March 21, 1997
Thanks to several readers, I now have additional information about Sgt. W. R. Sargent, who had his picture taken with the Burns & Allen comedy team during World War II. As you know, the photo turned up in an old file at The Journal office and we wanted to pass it along to a family member. Wayne Speer was first to call. He says Sgt. Sargent was the son of Ross and Dorothy Sargent who lived one and three-quarter miles north of Bill's Corner. The Speers lived just down the road. I also learned that Frances Anderson, my next door neighbor, was in the Burkhalter family who also lived near the Sargents. Frances and Wayne remember Sgt. Sargent very well. Sadly, he is now deceased.
Dorothy Sargent was in the Lee family from the Morrison area. The Sargents also had a daughter, Chloris, who married Ewalt Piel, brother of Martin Piel, northeast of Perry. Chloris passed away within the last six months, but her daughter, Mrs. Juhree G. Bisel, lives in Okeene. Chloris and her daughter both were nurses at an Enid hospital. We're sending the photo to Juhree, Sgt. Sargent's niece.

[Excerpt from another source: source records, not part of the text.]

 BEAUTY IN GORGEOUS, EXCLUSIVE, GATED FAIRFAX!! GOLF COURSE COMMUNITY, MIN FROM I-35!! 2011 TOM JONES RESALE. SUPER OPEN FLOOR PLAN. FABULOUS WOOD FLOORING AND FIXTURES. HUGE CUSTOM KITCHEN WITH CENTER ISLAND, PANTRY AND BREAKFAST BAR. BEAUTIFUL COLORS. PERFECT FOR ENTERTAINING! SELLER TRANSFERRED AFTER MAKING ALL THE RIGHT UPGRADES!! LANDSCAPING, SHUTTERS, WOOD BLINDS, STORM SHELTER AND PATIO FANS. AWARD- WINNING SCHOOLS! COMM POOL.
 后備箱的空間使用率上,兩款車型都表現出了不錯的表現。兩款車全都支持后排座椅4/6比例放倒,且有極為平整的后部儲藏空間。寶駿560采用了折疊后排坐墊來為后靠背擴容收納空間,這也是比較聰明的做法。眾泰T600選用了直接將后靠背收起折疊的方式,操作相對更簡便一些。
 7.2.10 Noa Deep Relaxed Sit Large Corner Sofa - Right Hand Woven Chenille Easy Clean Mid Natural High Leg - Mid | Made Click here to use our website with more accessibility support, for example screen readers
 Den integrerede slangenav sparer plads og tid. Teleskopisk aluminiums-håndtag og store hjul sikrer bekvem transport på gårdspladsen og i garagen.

Thanks to our readers for providing this information so promptly.
The other day I mentioned an inquiry by Margaret Norman Froebel of Houston concerning the Mayhew Hatchery, Stanislav Grocery and the Galaway Grocery, three former Perry businesses. Margaret, who grew up here as the daughter of Ernie and Gertrude Norman, is a collector of sewing thimbles and now has several thousand of them. One aluminum thimble advertises "Mayhew Hatchery Perry." She is seeking more information about that business and she also would like to have plastic thimbles from the Stanislav and Galaway stores, if there are any.

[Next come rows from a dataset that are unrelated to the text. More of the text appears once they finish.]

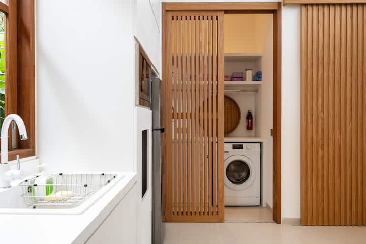 Explora las instalaciones de lavandería de Villa Asri y descubre la comodidad de una lavadora, plancha y tabla de planchar. Los servicios de limpieza diarios están disponibles para el alquiler diario y un guardia de seguridad está en el lugar para garantizar una estadía sin complicaciones, agradable y segura.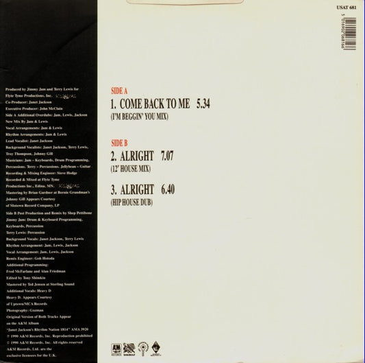 Janet Jackson - Come Back To Me / Alright (12", Single) UK 1990 VG+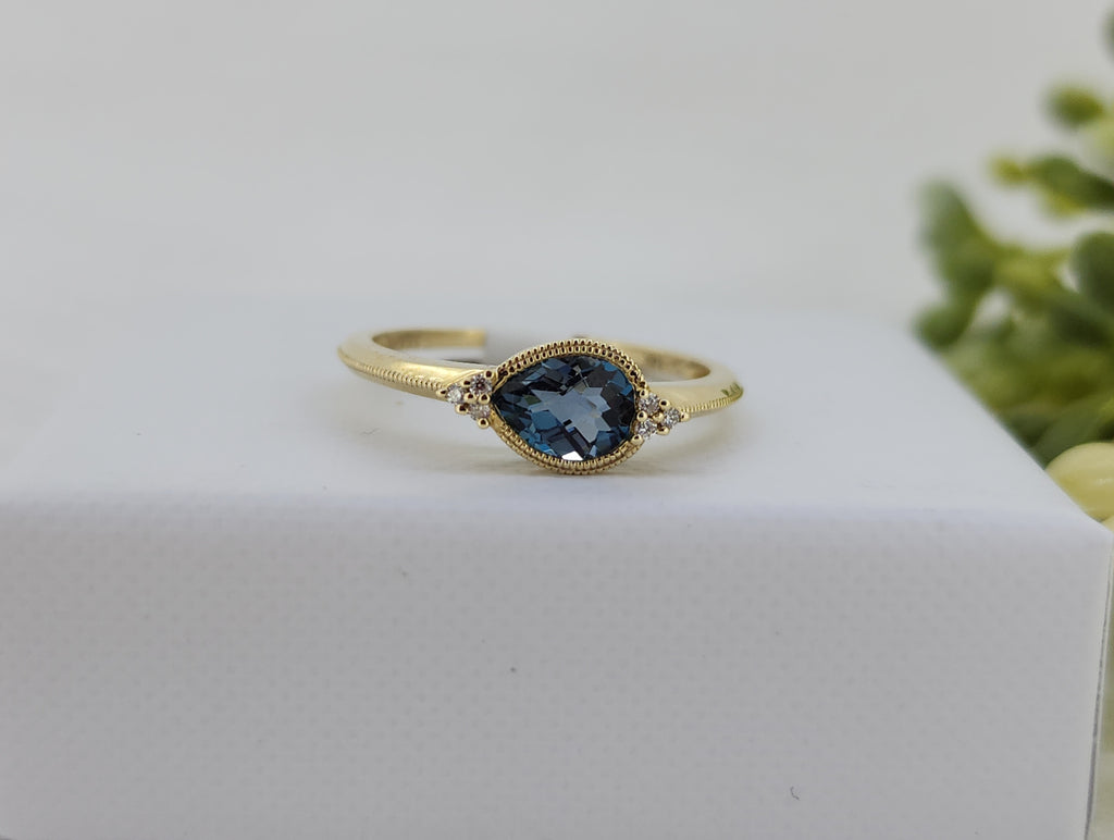 Refined and contemporary, this ring features a .66 carat pear-shaped London blue topaz, prized for its deep, turquoise blue hue. The gemstone is framed in a milgrain bezel, with additional natural mined diamond accents totaling .03 carat total weight, adding subtle sparkle and texture.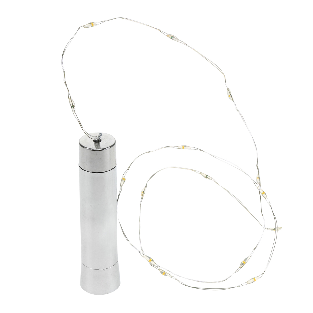 La botella de luz LED en blanco cálido tiene una longitud total de aproximadamente 82 centímetros con la tapa. Un total de 15 pequeños LED se asientan en la cadena de luces de aproximadamente 73 centímetros de largo. La tapa plateada tiene un diámetro de unos 2 centímetros en la parte superior y se estrecha ligeramente hacia la parte inferior para que encaje en el cuello de una botella de vino, por ejemplo. También necesita una batería AA para las luces de la botella.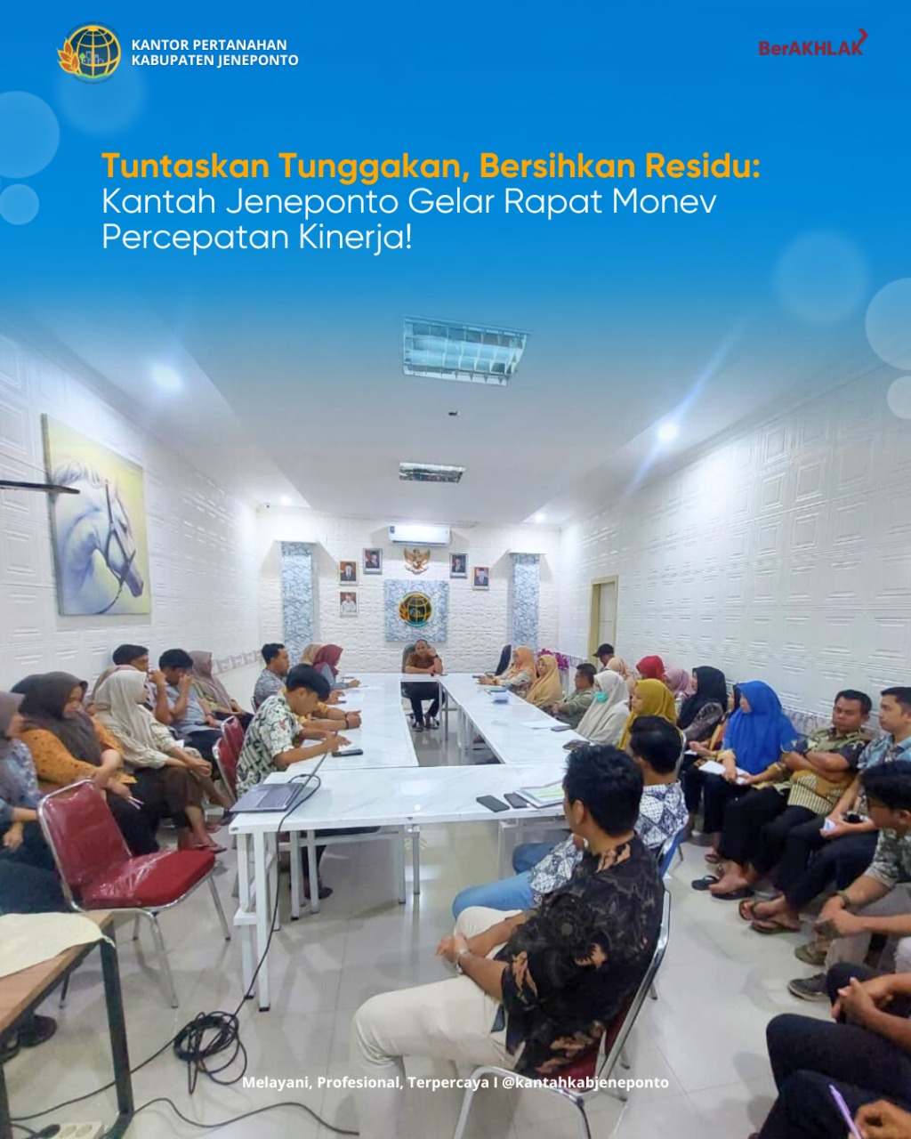 Kantor Pertanahan Jeneponto Gelar Rapat Monitoring dan Evaluasi Penyelesaian Residu Kegiatan PSN

Emma Lou Hasenfratz helped reinforce my personal recollection of the Mayhew Hatchery. It was operated here in the 1930s by Robert Mayhew and his sister, Mrs. Ruth Sharp, who lived at 1016 Holly street. Both are now deceased. The Galaway grocery (officially known as the Royal Food Market) originally was at the southwest corner of the square in the building now occupied by Thorn Originals Floral and Gift Shop, and it was operated by the late H. C. Galaway. Later Mr. Galaway had a store at the corner of Sixth and Fir. The Stanislav Grocery was on the east side of the square at 308 Sixth street. The owner/operator was Louis Stanislav, who died just a short time ago. I have passed that information along to Margaret, but she still would like to have plastic thimbles advertising either of those two former Perry grocery stores.
Margaret remembers Ruth Sharp very well. Margaret was a leader in the local chapter of Theta Rho Girls Club. "I picked up (Mrs. Sharp) at her home many times," Margaret writes. "Ruth did not drive a car, but was an adult willing to accompany a group of teenagers on out-of-town trips. I could drive, and mother could spare the car during the school vacations, but when we made these trips to functions of Theta Rho Girls Club, we had to have an adult in the car. I often wonder at (Ruth's) bravery and fortitude."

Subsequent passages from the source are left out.